Under this line are the records; write out word for word the part that begins at the line containing "Fantassins allemands retranchés" and ends at the line containing "0117 Aceh Tamiang.", and no more.

Data provided:
────────────────────────────────────────

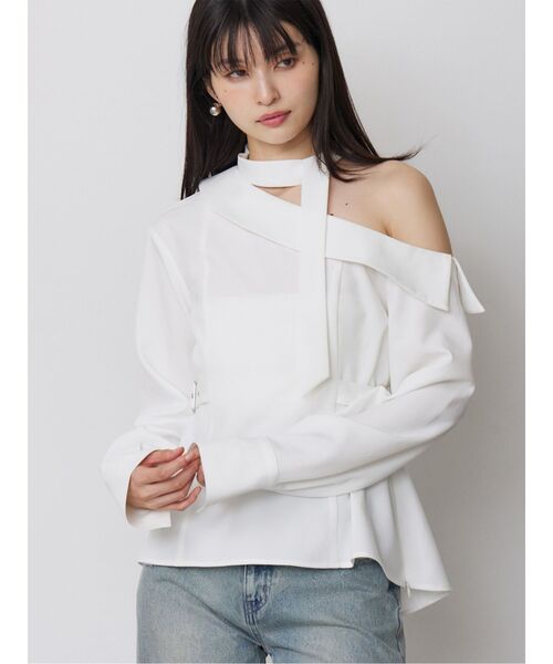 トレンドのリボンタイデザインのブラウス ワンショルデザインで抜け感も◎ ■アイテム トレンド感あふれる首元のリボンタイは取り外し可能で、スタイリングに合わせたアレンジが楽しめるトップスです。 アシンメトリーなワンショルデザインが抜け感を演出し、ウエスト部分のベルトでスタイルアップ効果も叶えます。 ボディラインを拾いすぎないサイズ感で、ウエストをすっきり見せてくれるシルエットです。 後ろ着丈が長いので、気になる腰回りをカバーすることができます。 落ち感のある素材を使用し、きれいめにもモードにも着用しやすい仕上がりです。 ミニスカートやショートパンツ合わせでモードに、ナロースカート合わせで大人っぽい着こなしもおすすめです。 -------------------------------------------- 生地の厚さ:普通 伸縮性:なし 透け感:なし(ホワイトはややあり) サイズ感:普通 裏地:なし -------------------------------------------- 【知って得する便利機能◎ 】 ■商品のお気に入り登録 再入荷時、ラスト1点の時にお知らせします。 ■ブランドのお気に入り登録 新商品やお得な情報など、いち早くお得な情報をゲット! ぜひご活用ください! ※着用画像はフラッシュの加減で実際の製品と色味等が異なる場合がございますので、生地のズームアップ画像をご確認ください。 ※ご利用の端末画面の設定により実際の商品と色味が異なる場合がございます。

────────────────────────────────────────

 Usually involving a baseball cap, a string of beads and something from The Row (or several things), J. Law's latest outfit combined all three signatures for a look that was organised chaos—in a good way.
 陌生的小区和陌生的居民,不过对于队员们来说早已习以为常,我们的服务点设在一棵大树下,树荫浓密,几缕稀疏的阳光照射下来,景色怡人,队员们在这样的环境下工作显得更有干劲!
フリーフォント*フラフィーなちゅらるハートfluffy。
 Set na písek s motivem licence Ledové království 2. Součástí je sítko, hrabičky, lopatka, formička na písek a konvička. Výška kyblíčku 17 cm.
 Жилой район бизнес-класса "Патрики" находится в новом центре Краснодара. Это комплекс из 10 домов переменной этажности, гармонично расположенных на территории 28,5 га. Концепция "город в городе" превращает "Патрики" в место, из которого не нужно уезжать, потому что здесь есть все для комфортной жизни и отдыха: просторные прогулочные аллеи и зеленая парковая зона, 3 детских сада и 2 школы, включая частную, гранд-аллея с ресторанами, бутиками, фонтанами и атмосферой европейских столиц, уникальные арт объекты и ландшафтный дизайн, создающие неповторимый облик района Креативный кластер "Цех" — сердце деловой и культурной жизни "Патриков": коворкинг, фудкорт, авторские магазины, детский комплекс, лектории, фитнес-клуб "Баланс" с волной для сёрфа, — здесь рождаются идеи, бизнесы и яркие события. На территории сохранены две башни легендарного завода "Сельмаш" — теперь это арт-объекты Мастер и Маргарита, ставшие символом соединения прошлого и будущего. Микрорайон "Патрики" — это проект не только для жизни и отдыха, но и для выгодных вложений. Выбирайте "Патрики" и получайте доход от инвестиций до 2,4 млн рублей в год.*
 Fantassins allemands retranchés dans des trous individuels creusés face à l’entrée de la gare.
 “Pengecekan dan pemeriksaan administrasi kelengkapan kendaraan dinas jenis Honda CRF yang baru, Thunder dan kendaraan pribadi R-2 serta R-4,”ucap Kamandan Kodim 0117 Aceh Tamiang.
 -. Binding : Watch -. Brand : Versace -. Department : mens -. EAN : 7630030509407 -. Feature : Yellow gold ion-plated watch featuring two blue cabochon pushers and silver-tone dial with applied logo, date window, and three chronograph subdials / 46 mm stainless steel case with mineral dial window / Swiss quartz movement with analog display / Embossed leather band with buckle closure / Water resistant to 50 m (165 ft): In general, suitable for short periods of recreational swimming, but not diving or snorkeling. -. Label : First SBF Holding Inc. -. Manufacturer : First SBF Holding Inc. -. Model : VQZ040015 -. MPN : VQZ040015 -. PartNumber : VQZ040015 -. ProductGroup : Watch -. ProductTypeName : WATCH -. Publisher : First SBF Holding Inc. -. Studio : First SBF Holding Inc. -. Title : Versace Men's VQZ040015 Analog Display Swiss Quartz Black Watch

────────────────────────────────────────

Solution for this exercise:
 Fantassins allemands retranchés dans des trous individuels creusés face à l’entrée de la gare.
 “Pengecekan dan pemeriksaan administrasi kelengkapan kendaraan dinas jenis Honda CRF yang baru, Thunder dan kendaraan pribadi R-2 serta R-4,”ucap Kamandan Kodim 0117 Aceh Tamiang.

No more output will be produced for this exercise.